§ Data for the task:

Segment Open

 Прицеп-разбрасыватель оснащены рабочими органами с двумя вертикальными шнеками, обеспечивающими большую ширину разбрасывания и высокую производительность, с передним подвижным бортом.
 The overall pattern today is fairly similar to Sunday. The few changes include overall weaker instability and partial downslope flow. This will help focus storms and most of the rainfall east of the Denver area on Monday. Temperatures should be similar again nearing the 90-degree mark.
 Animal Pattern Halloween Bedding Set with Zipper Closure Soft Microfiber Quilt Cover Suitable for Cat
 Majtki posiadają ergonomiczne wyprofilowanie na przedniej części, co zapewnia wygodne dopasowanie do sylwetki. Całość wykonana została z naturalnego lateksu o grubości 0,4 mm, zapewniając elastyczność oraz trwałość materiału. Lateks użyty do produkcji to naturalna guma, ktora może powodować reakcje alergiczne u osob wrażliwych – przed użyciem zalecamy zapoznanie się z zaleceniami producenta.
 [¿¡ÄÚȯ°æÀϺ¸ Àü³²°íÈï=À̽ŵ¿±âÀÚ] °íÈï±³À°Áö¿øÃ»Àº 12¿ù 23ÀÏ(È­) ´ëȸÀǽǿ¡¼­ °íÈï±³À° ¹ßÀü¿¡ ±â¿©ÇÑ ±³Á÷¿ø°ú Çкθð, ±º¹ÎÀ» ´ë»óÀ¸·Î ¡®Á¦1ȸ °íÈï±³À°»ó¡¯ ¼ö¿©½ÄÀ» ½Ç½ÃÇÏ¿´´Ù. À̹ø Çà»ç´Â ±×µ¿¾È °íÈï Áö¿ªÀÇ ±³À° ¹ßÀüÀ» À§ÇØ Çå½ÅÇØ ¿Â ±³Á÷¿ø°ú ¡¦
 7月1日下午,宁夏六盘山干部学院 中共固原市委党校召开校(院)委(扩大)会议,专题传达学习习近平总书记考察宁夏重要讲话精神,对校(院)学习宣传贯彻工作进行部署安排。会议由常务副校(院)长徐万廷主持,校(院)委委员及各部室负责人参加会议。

Segment Closed
Segment Open

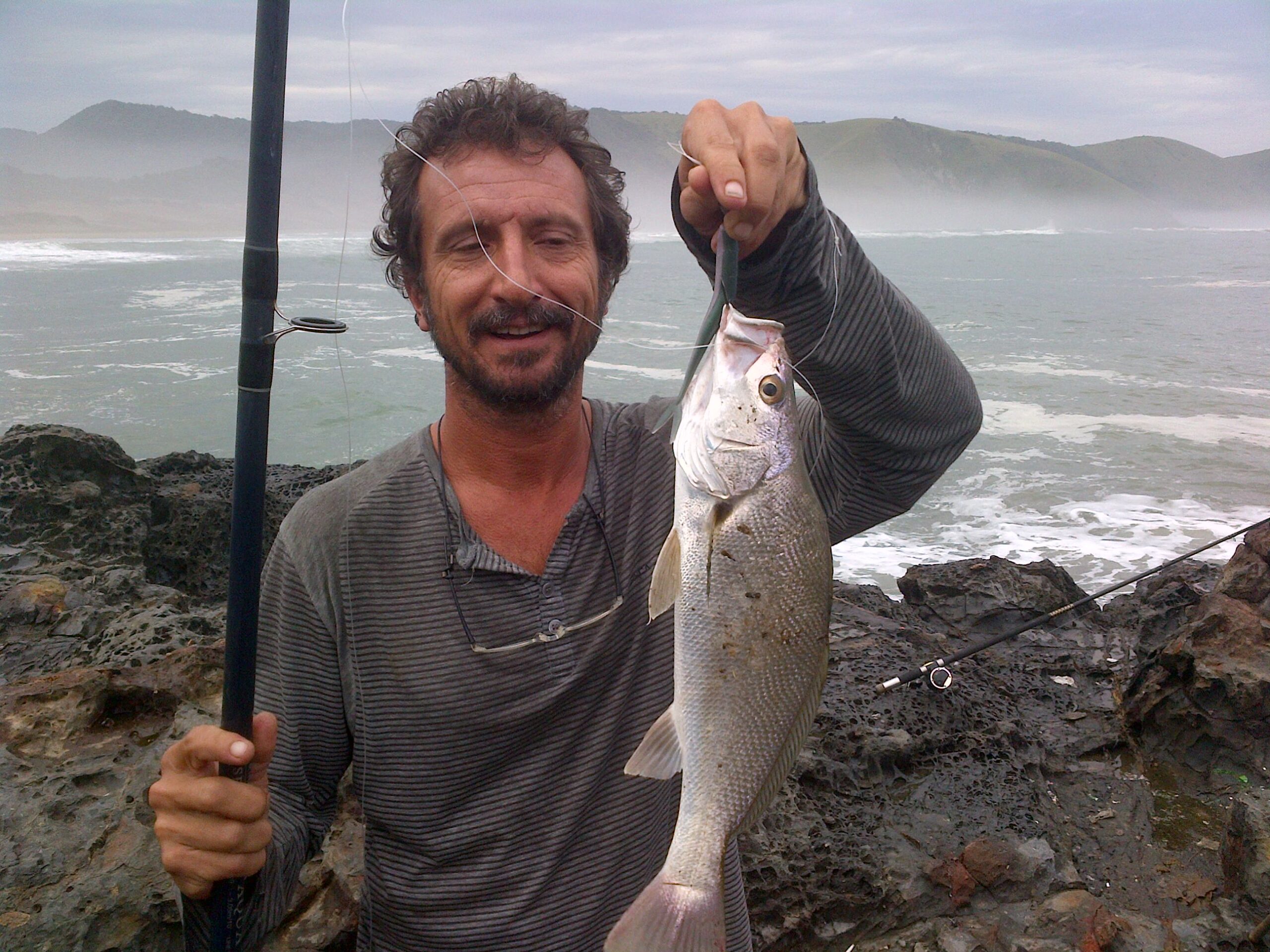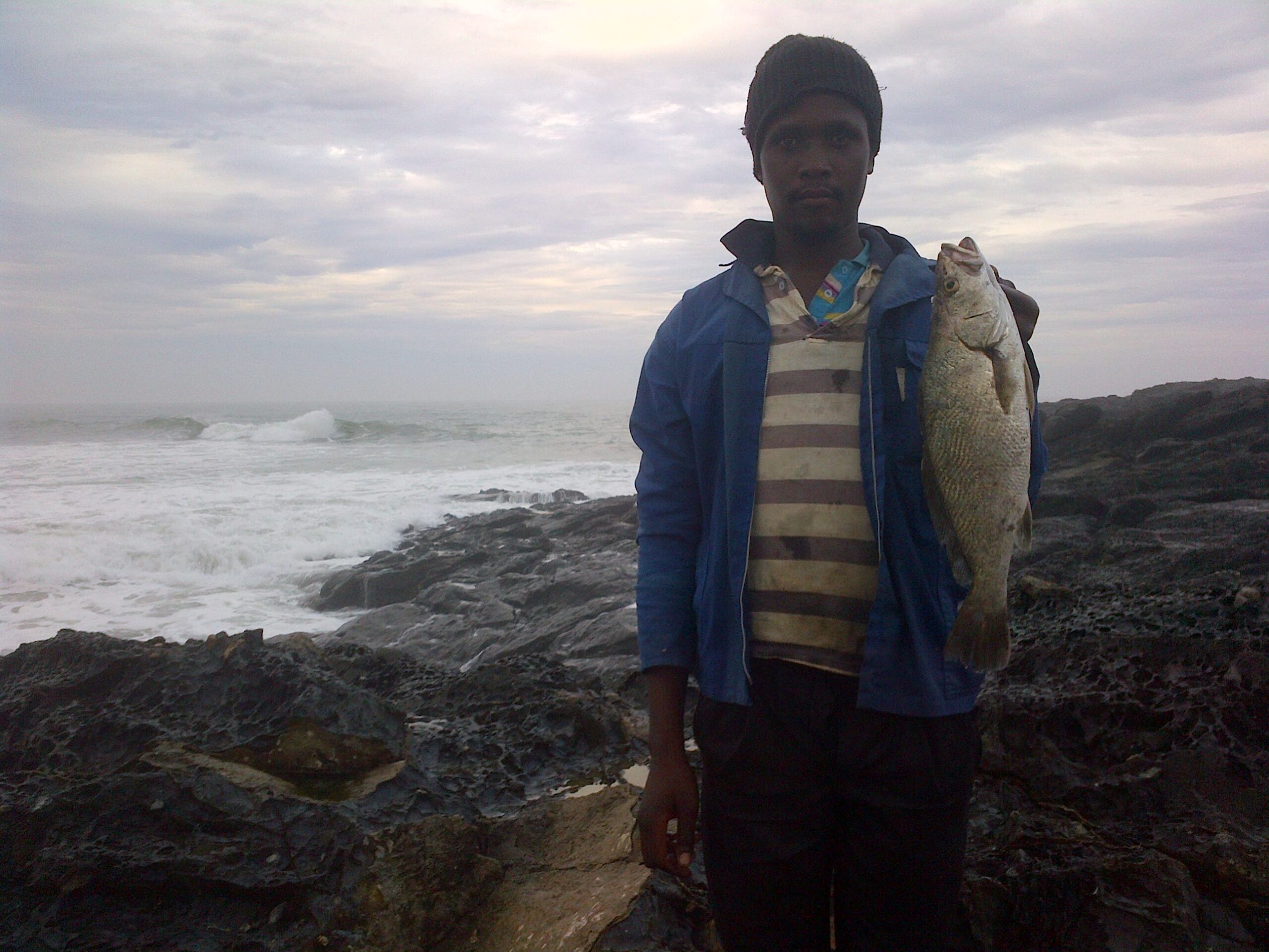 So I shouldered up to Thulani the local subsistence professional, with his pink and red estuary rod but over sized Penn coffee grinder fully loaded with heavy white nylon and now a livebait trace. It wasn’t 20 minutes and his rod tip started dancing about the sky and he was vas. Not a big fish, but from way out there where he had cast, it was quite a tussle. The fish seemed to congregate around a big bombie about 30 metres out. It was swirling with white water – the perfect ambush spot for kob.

Segment Closed

§ Problem description:
Please reproduce, exactly as they appear above, the lines from the line containing "Çå½ÅÇØ ¿Â ±³Á÷¿ø°ú ¡¦" up to and including the line containing "7月1日下午,宁夏六盘山干部".

§ Written answer:
 [¿¡ÄÚȯ°æÀϺ¸ Àü³²°íÈï=À̽ŵ¿±âÀÚ] °íÈï±³À°Áö¿øÃ»Àº 12¿ù 23ÀÏ(È­) ´ëȸÀǽǿ¡¼­ °íÈï±³À° ¹ßÀü¿¡ ±â¿©ÇÑ ±³Á÷¿ø°ú Çкθð, ±º¹ÎÀ» ´ë»óÀ¸·Î ¡®Á¦1ȸ °íÈï±³À°»ó¡¯ ¼ö¿©½ÄÀ» ½Ç½ÃÇÏ¿´´Ù. À̹ø Çà»ç´Â ±×µ¿¾È °íÈï Áö¿ªÀÇ ±³À° ¹ßÀüÀ» À§ÇØ Çå½ÅÇØ ¿Â ±³Á÷¿ø°ú ¡¦
 7月1日下午,宁夏六盘山干部学院 中共固原市委党校召开校(院)委(扩大)会议,专题传达学习习近平总书记考察宁夏重要讲话精神,对校(院)学习宣传贯彻工作进行部署安排。会议由常务副校(院)长徐万廷主持,校(院)委委员及各部室负责人参加会议。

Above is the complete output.